How should you read the two together?
Look at open rate, CTR, and CTOR side by side — the combination tells you which stage to fix. Each pattern points somewhere specific:
- Low open rate, decent CTOR: your content is fine; work on subject lines, sender name, send time, and list hygiene.
- Good open rate, low CTOR: people are reading but not acting; fix the offer, the call to action, the layout, or the link placement.
- Both low: start with deliverability and list quality before you blame the creative.
The discipline that matters most is comparing like with like. A CTOR on a transactional receipt and a CTOR on a cold newsletter aren't the same benchmark. Track each email type against its own history, segment by audience, and watch the trend over time rather than chasing a single "good" number you read somewhere.
The IV-Lead take
CTR isn't dead, and CTOR isn't a magic replacement — anyone selling you one number as the answer is selling you a story. The useful move is treating these as a pair: CTR for impact, CTOR for content quality, both read against open rate and your own history. The teams that get value from email aren't the ones with the prettiest dashboard; they're the ones who connect the metric to a decision — change the subject line, rewrite the offer, or clean the list. Most of the value is in that wiring, not the chart.
Not sure whether your email numbers are telling you the truth? Book a 30-minute portal audit — we'll look at how your email metrics connect to real pipeline. For the bigger picture, see how we approach demand generation.
Frequently asked questions
Is CTOR always higher than CTR?
Almost always, yes. CTOR divides clicks by the smaller group of people who opened, while CTR divides by everyone you sent to.
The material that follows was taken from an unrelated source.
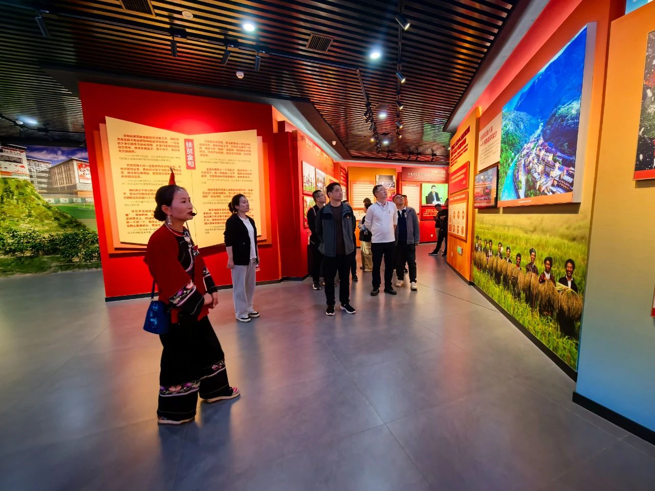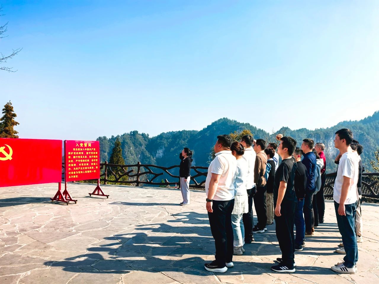 隨后,大家在講解員的帶領(lǐng)下,參觀了精準(zhǔn)扶貧主題陳列館,重走習(xí)近平總書(shū)記考察路線,還參觀了苗繡非遺扶貧工坊等標(biāo)志性場(chǎng)所,親身感受了十八洞村在黨的關(guān)懷下,從貧窮落后小山村到脫貧攻堅(jiān)樣板村的美麗蛻變。最后,全體黨員在精準(zhǔn)扶貧廣場(chǎng)重溫入黨誓詞,鏗鏘有力的誓言在美麗的山谷回蕩,傳遞著全體黨員們“聽(tīng)黨話、跟黨走”的堅(jiān)定信念。
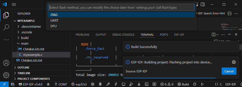 빌드가 정상적으로 성공했다면 플래시를 하기 위해서 번개표시를 선택하도록 한다. 이때 VSC하단의 통신설정 확인하고, 장치 설정도 확인하여야 한다. 필자는 현재 esp32-s3 시리즈를 사용하고 있으므로, esp32를 클릭하여 올바른 장치를 선택하여야 한다.

Since openers are a subset of the full list, the same clicks make up a larger share of opens than of total sends.
Does a high CTOR mean my campaign was a success?
Not by itself. A high CTOR means readers liked the email, but if almost nobody opened it, the business impact can still be small. Always read CTOR next to open rate and CTR before you judge the campaign.
Should I stop tracking open rate?
No. Open rate has gotten noisier because inbox providers handle images differently, but it still helps you separate a subject-line problem from a content problem. Use it as a directional signal alongside CTR and CTOR, not as a precise score.
Which metric should I use for A/B testing?
It depends on what you changed. Test subject lines on open rate; test the email body, offer, or call to action on CTOR; and judge overall winners on CTR or the downstream conversions that actually matter to the business.